The VNS Therapy System is indicated as an adjunctive treatment for patients 18 years of age or older who are experiencing a major depressive episode and have not had an adequate response to four or more adequate antidepressant treatments. In Canada and the European Union, the VNS Therapy System is indicated for the treatment of chronic or recurrent depression in patients who are in a treatment-resistant or treatment-intolerant major depressive episode. Pursuant to the post-market surveillance conditions specified as part of our FDA marketing approval, we were required to conduct two clinical studies on TRD patients:

- One post-approval study, the dosing study, was a randomized study assessing three different stimulation intensities. We completed the 331-patient dosing study in February 2010 and submitted our final study report to the FDA in August 2010. In April 2012, we received notification from the FDA that we had fulfilled all study requirements related to the dosing study. Based on the results of the post-market dosing study, we are planning to submit a request for reconsideration of the non-coverage decision issued by CMS in May 2007 with the objective of seeking coverage and reimbursement in depression, although there can be no assurance that these objectives will be met.
- The other post-approval study, the TRD Registry, is a longitudinal study intended to follow patients with TRD in two treatment groups - one group receiving adjunctive VNS Therapy and the other group receiving treatment-as-usual. We expect the TRD registry to be completed in calendar year 2015.

Proprietary protection for our products is important to our business. We seek U.S. and foreign patents on selected inventions, acquire licenses under selected patents of third parties, and enter into confidentiality agreements with our employees, vendors and consultants with respect to technology that we consider important to our business. We also rely on trade secrets, unpatented know-how and continuing technological innovation to develop and maintain our competitive position. Under the terms of our epilepsy patent license agreement we were paying royalties at a rate of 3% of net sales of generators and leads. The epilepsy patent expired on July 16, 2011, and as a result, we discontinued paying this royalty after the expiration date. Also, as a result of the epilepsy patent expiration, it is possible that one or more competitors may enter this market. We do not have indication-specific patent coverage for vagus nerve stimulation for movement disorders (epilepsy) or for neuropsychiatric disorders (depression).

We continuously evaluate whether to out-license or to in-license intellectual property rights to optimize our portfolio. This includes identifying our intellectual property rights for indications we do not have plans to develop and determining whether these rights can be licensed or otherwise granted to third parties.

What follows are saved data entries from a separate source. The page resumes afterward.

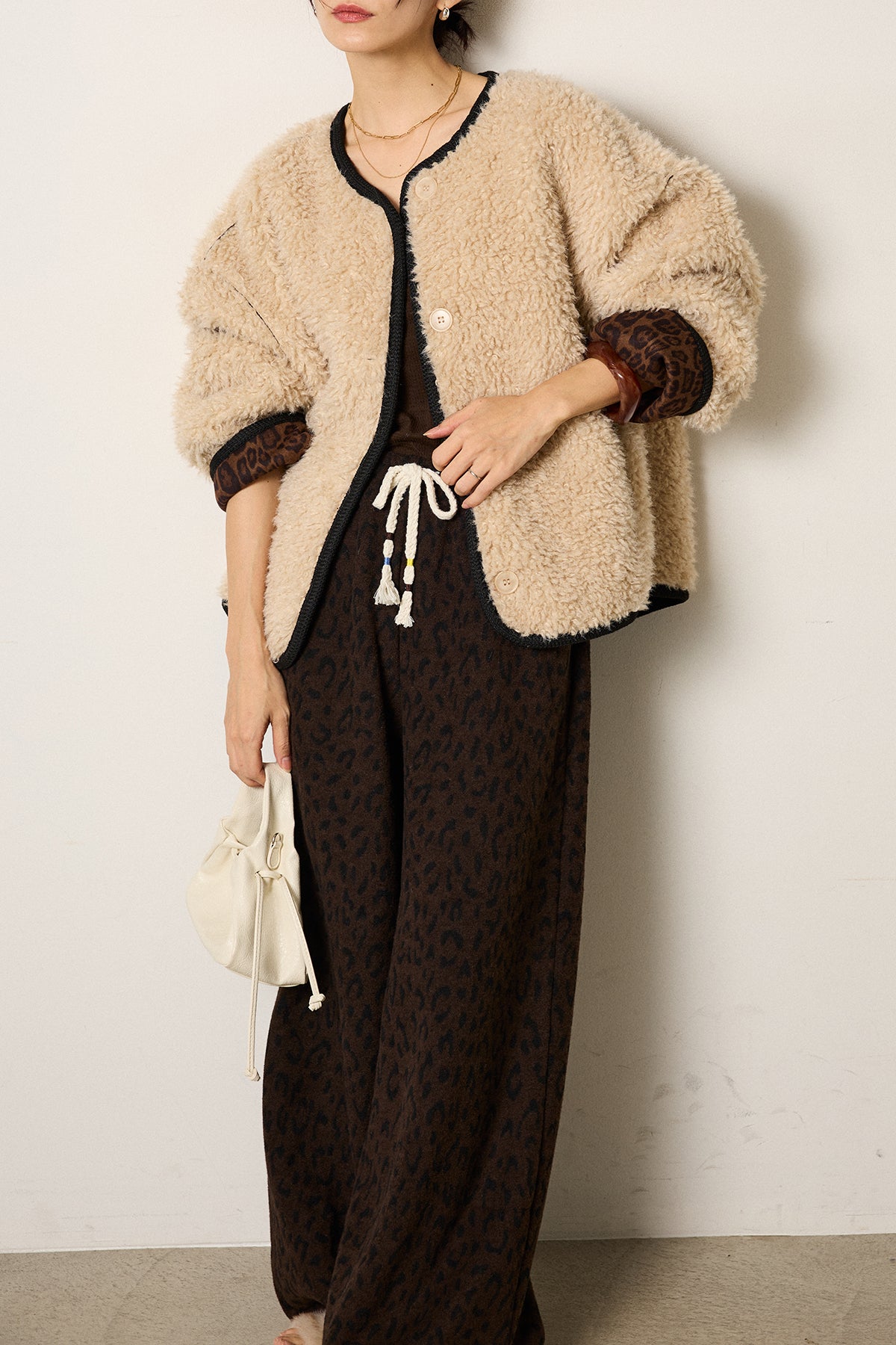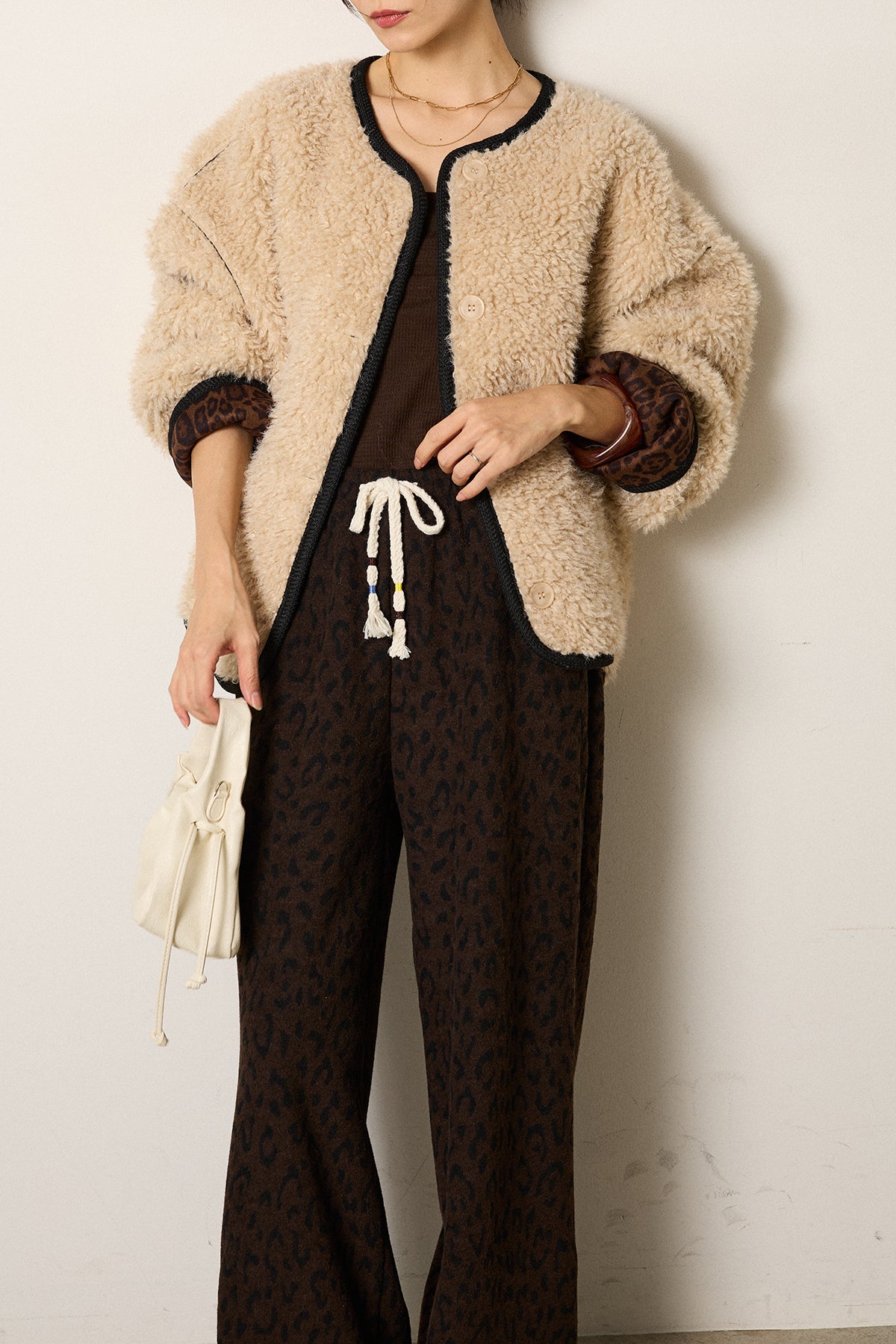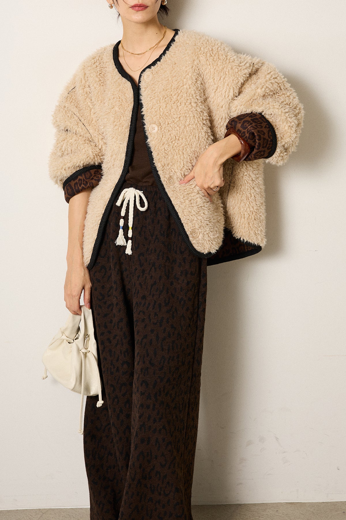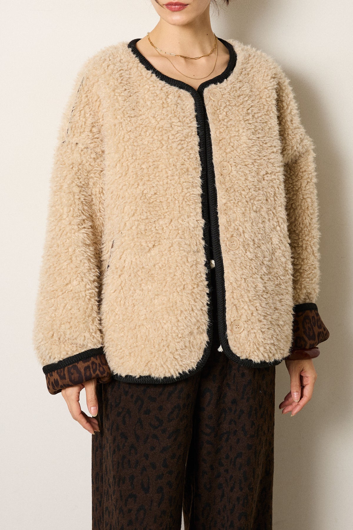 ノーカラー裏地レオパードボアアウター
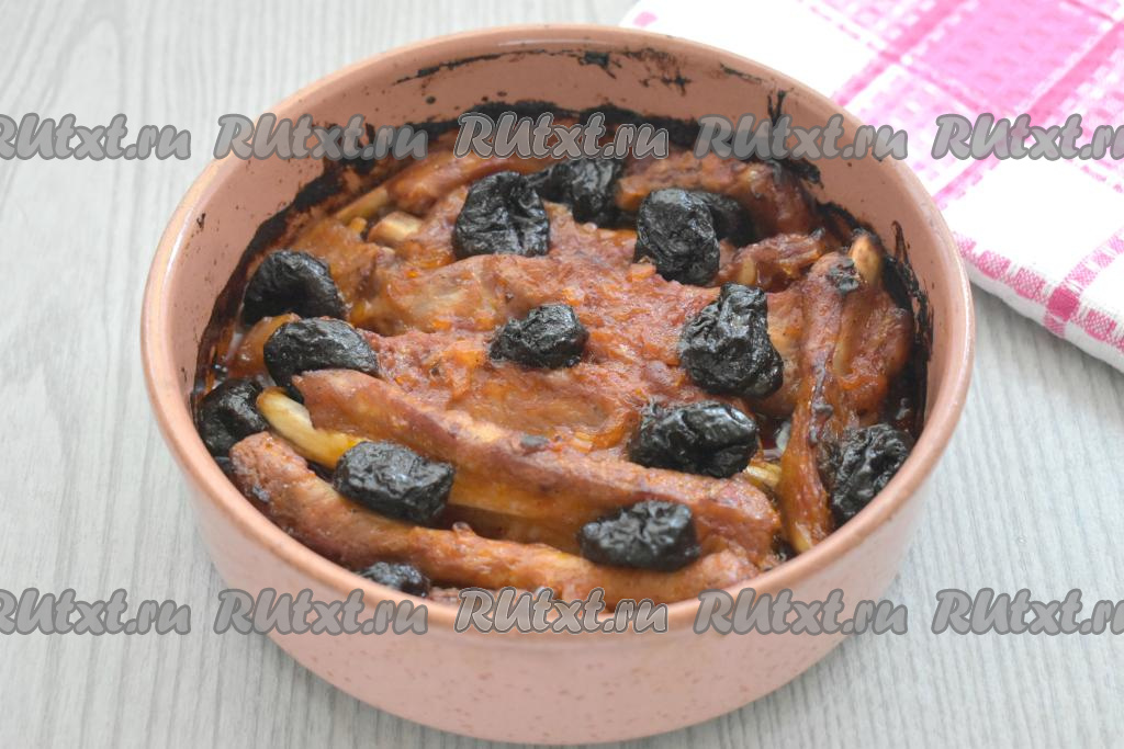 Готовое блюдо достаём из духовки. Нежные, мягкие, аппетитные свиные рёбрышки вместе со сладким черносливом раскладываем по тарелкам и в горячем виде, дополнив гарниром, подаём к столу.
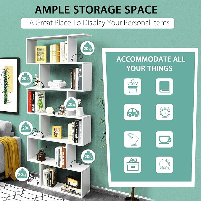BETTARY 6-Tier Bookshelf, Freestanding S-Shaped Geometric Display Shelf, Modern Tall Bookcase for Home Office, Living Room, Bedroom, White
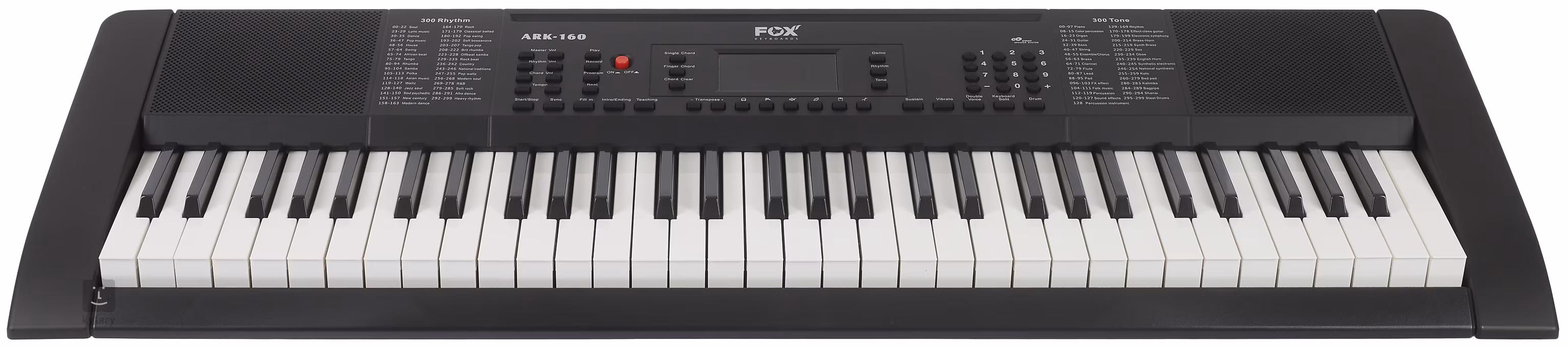 FOX 160 nabízí 61 kláves standardní velikosti, 128 zvuků a 128 automatických doprovodů. Nechybí ani pokročilé funkce jako Split (rozdělení klaviatury pro hru na dva nástroje zároveň), Dual Voice (vrstvení zvuků), nebo nastavení Sustainu (dozvuku) a Vibrata. Klaviaturu lze rovněž transponovat, což ocení jak začátečníci, tak pokročilí hráči. Nechybí možnost hraní akordů jedním prstem, funkce Record pro záznam vašich pokusů nebo metronom a výukový systém. Ke klávesám lze připojit mikrofon.
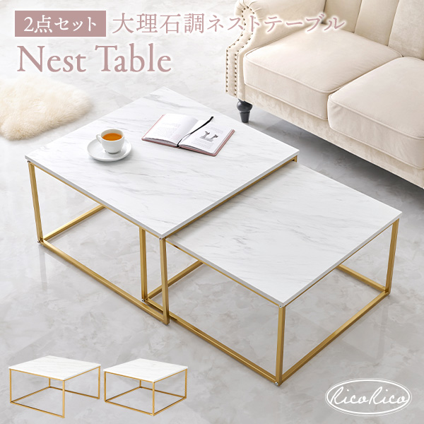 テーブル ネストテーブル 大理石 ネストテーブルホワイト おしゃれ ソファテーブル 家具 インテリア リビング ダイニング ゴールド脚 リコリコ
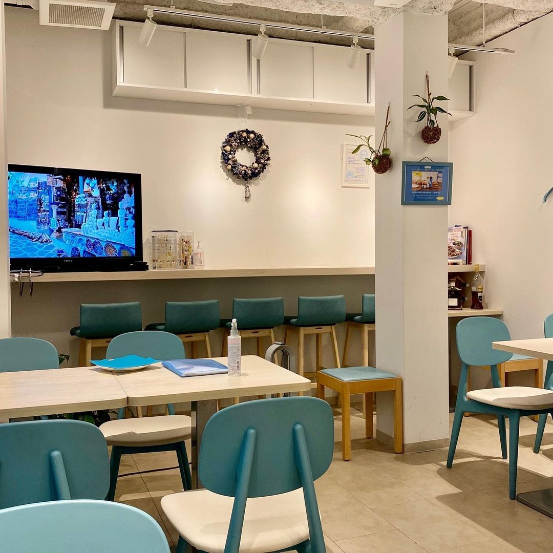 青いファサードに読めないグリークのロゴ、そして真っ白な店内が見えるガラス張りの入口。とても小さく見えますが、外観よりも奥行きがあります。多分手前側はちょい飲みスペースなのかな?奥に行くと、これまた青い椅子で統一されたキレイでかわいらしい店内。ギリシャの国旗や白い建物と海がイメージできますよね。こんなお店が浅草橋を歩いていて唐突に現れたのが印象深かったです。
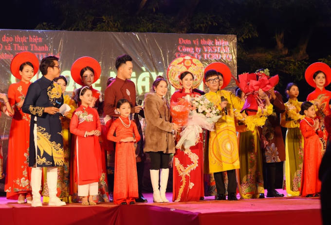 Tổng đạo diễn chương trình, nhà thiết kế Lan Vy biểu diễn áo dài Huế trong tiết mục hát của ca sĩ Long Nhật.
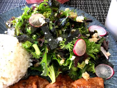 サラダも絶品!わさび菜とラデッシュ、海苔などで作られています。
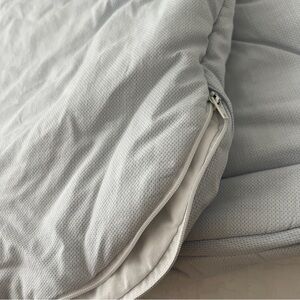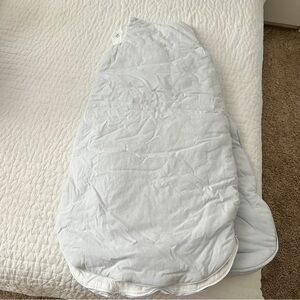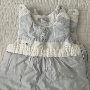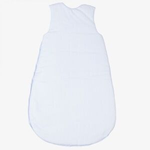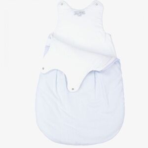 Lovely blue sleep bag for baby boys by Tartine et Chocolat, made in soft cotton. The poplin outer is blue with a fine dotted design and has a white bib panel with a cute embroidered grey bunny. Lightly padded and lined with soft jersey, it fastens with poppers on the shoulders and a zip on the side and along the bottom.
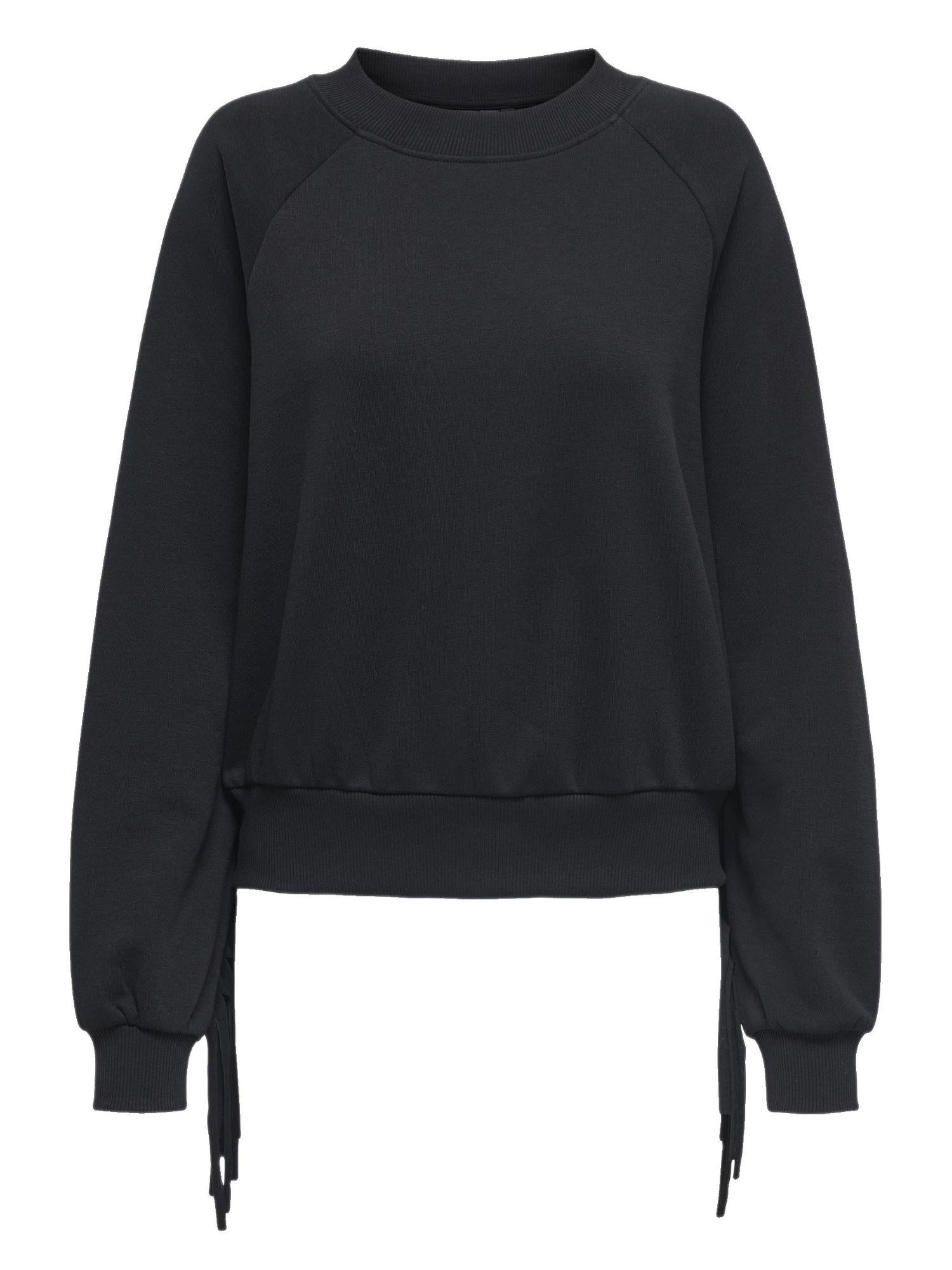 Felpa da donna con interno in pile. Le maniche sono caratterizzate da frange tono su tono. 60% cotone 40% poliestere
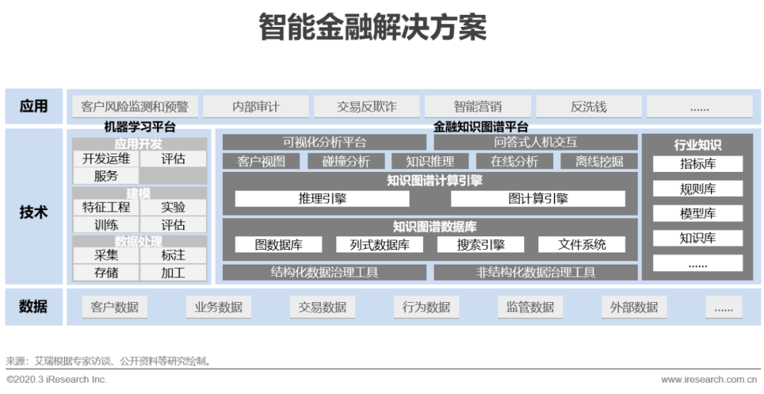 在金融领域中无论是传统金融或是互联网金融,信用评估、反欺诈和风险控制都是最为关键的环节,随着近些年金融数据的爆发式增长,传统风控系统逐渐力有不逮,而应用机器学习算法和知识图谱的智能风控系统在风险识别能力和大规模运算方面具有突出优势,逐渐成为金融领域风控反欺诈的主要手段。机器学习和知识图谱相结合是目前主流的解决方案,其中机器学习算法通过概率计算的方式,以数学运算特征反应风险情况,形成易于机器计算的风控模型;而知识图谱通过权威经验和规则创建本体模型和抽取实体的范围,根据实体间关系形成关联数据网的图谱形式,描画囊括个人基础信息、金融行为、社交网络行为等用户综合画像,根据画像情况和模型对应,形成具有金融业务特性的风控体系,在解决方案的决策环节结合规则和概率的综合评价,给出最终的风险评估,整个过程能够实现秒级响应。知识图谱的应用不仅能够为缺乏可解释性的机器学习算法带来必要的参考系,还可以串联金融业务中产生的大量多源异构数据形成数据中台,挖掘数据深层价值,为实现精准营销、投资关系梳理、产业链风险预警、智能催收等上层应用打下基础。
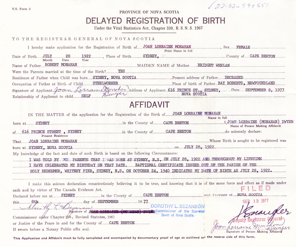 I was told by my parents that I was born at Sydney on July 28, 1922 and throughout my lifetime I have celebrated my birthday on that date. Baptismal certificate issued out of the Parish of the Holy Redeemer, Whitney Pier, Sydney on October 24, 1940 indicates my date of birth as July 28, 1922.
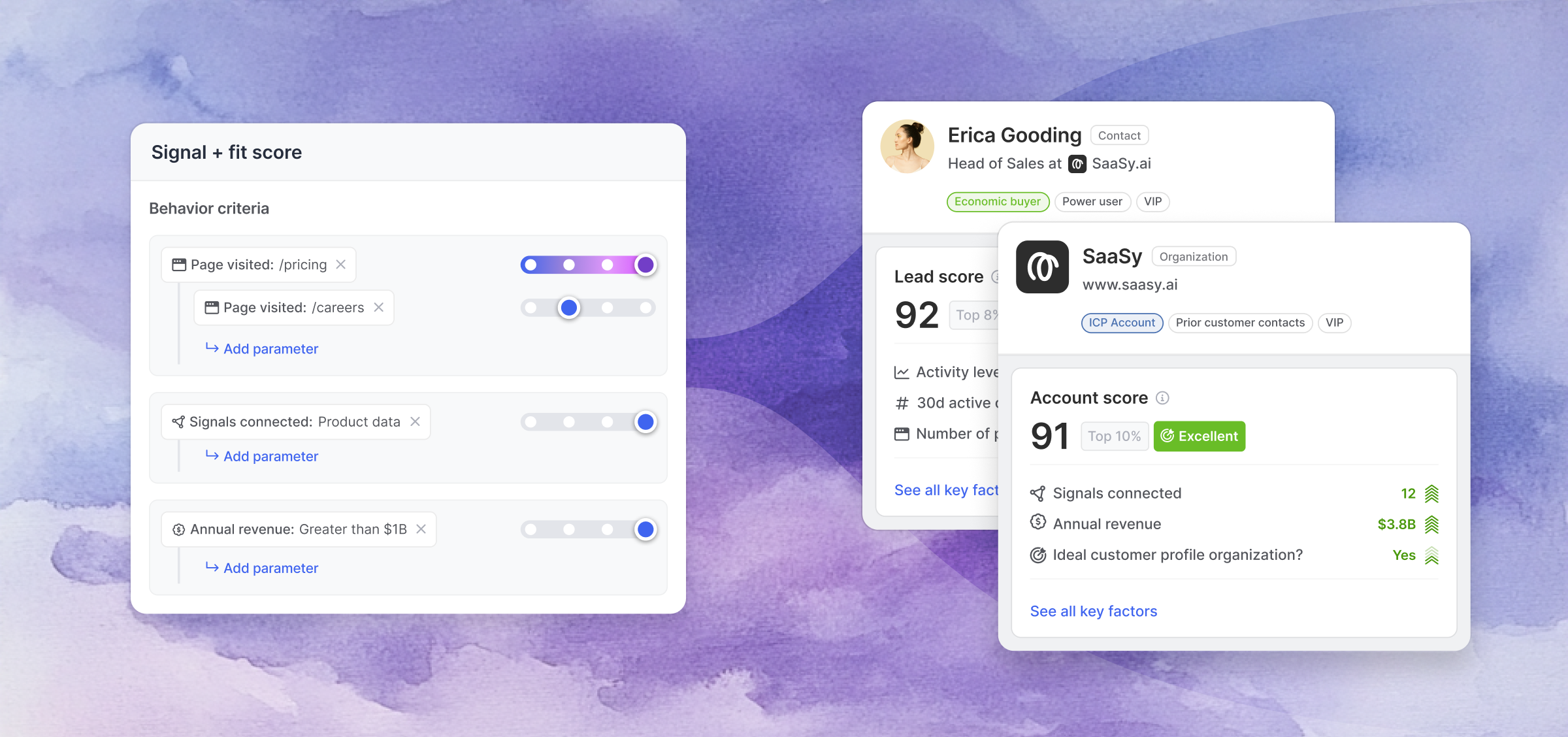 Combine hundreds of buying signals—from first-party product usage to dark-funnel chatter to website engagement—into a single, comprehensive buying intent score. Score signals at the person level and aggregate scores across an account record.
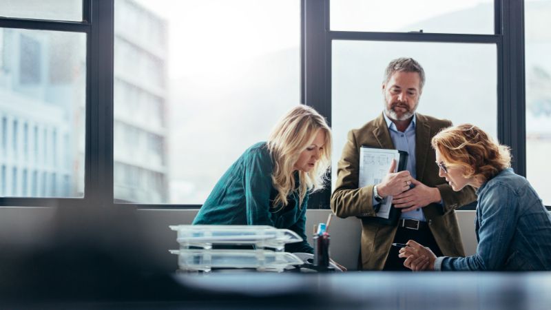 • Two specification writers by computer screen.
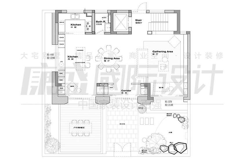 Chinese courtyard design emphasizes a natural, peaceful, and minimalist style, emphasizing integration with the natural environment to create a peaceful and comfortable atmosphere. The overall layout is concise, emphasizing the sense of spatial balance.
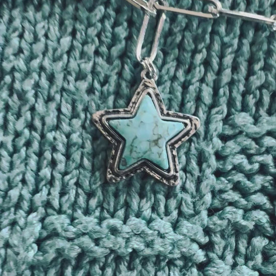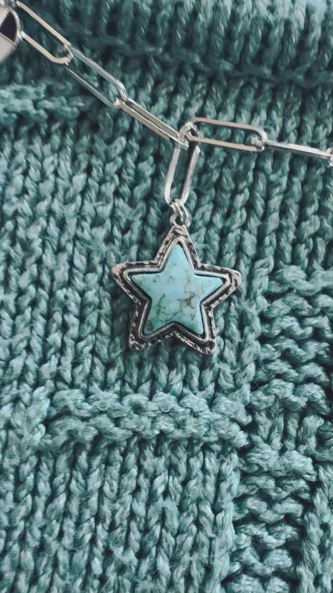 The Wild Star Necklace blends playful edge with western soul. Strung on a silver paperclip chain, this piece features a turquoise star for bold spirit, a checkered heart for a touch of whimsy, a lucky horseshoe, a classic 8-ball, and a hand of cards for a nod to adventure. Equal parts charm and statement, it’s the perfect necklace for those who love a little luck, a little fun, and a whole lot of individuality.

It also involves assessing the intellectual property rights owned by third parties to determine whether we should attempt to license or otherwise acquire those rights. We have entered into several license and technology agreements that may involve substantial future payments; see "Note 16. Commitments and Contingencies - License Agreements" in our condensed consolidated financial statements for additional information.

In order to accommodate expected growth of our business, to secure our future in our current manufacturing and headquarters facility and to realize operating efficiencies, we purchased the building in which we are headquartered during the quarter ended October 28, 2011. Our headquarters building is located in Houston, Texas and has approximately 144,000 square feet of manufacturing and office space. We currently occupy approximately 79% of this space. We are currently negotiating terms for the construction of a second manufacturing facility to be located in Costa Rica. We intend for this facility to manufacture product for our international markets and to be completed in fiscal year 2014 and operational in fiscal year 2015. In addition, we lease a 19,800 square foot Austin, Texas facility that we utilize for warehousing and distribution.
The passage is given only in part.